EU travel industry steps up quarantine pushback
BRUSSELS (Reuters) – Leaders of Europe’s coronavirus-stricken travel and tourism industries have appealed to the EU’s chief executive to press governments to end quarantine requirements and instead embrace coordinated restrictions and testing.
“This chaotic situation requires your immediate personal involvement,” a broad ad-hoc group of more than 20 industry groups including airline body IATA told European Commission President Ursula von der Leyen in a letter seen by Reuters.
The appeal came as data from airports’ group ACI Europe, one of the signatories to the Sept. 17 letter, pointed to a “double-dip” air traffic slump, with passenger numbers down 73% in the first two weeks of September, after a 65% decline in August.
The EU executive this month proposed a common “traffic light” system designed to coordinate travel restrictions among EU states and replace the patchwork of rules and quarantine regimes blamed for the renewed collapse in travel.
But with COVID-19 cases rising, governments are reluctant to drop more drastic restrictions and quarantines – condemned by the industry as disproportionate to the risks of travel within a region where community transmission is already widespread.

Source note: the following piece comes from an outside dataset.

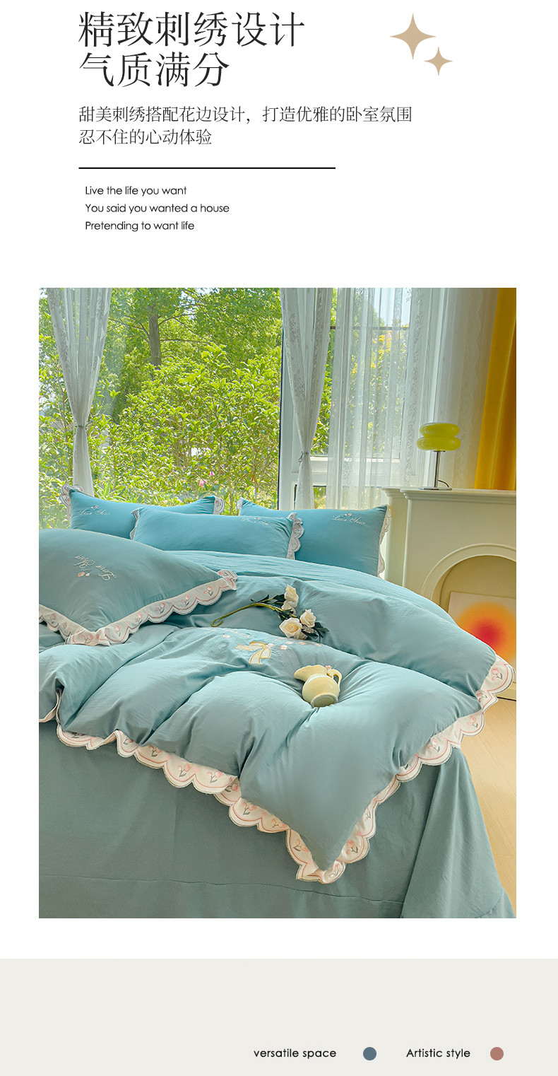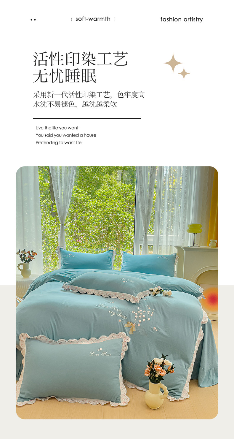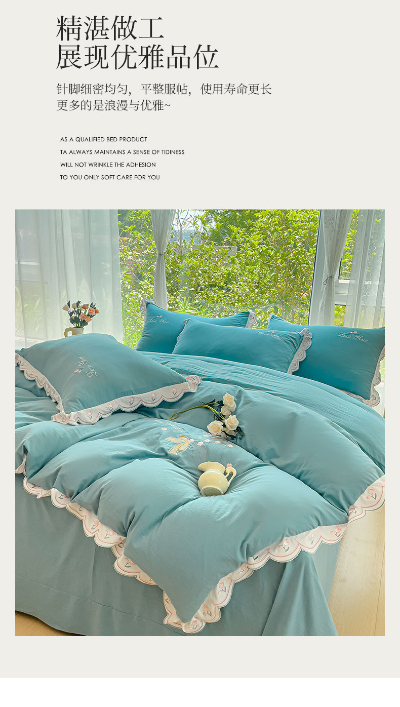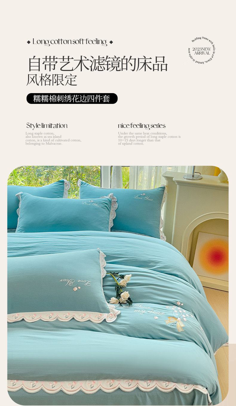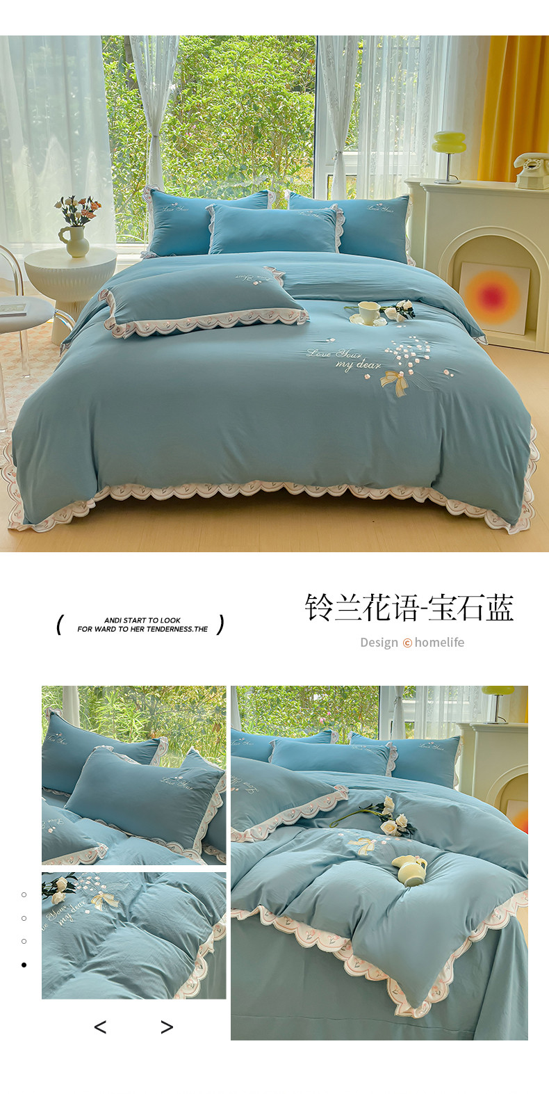 雪夫人 2023新款糯糯棉刺绣花边四件套铃兰花语 铃兰花语-宝石蓝

Ireland, where travel curbs have been challenged in court by Ryanair, moved on Thursday to quarantine arrivals from Italy and Greece on the basis of stricter infection-rate criteria than those proposed by the EU.
“Failure to fully implement the Commission’s proposal would kill any chances of a potential recovery,” the travel industry bodies wrote to von der Leyen.
The letter was signed by an alphabet soup of trade bodies together representing more than 5,000 companies and millions of workers in sectors ranging from aviation and travel agents to hotels, restaurants and campsites, and their supply chains.
“We are thus urging you make this issue a top priority” in discussions with national leaders, it added, highlighting the 10% of EU economic output generated by tourism and its 12% share of the workforce. “What is actually at stake is the recovery of Europe and European economies.”
In a non-binding vote on Thursday, EU lawmakers urged member states to adopt common methodologies in their fight against the pandemic, ahead of a Sept. 22 meeting of European affairs ministers that will address better coordinated border controls.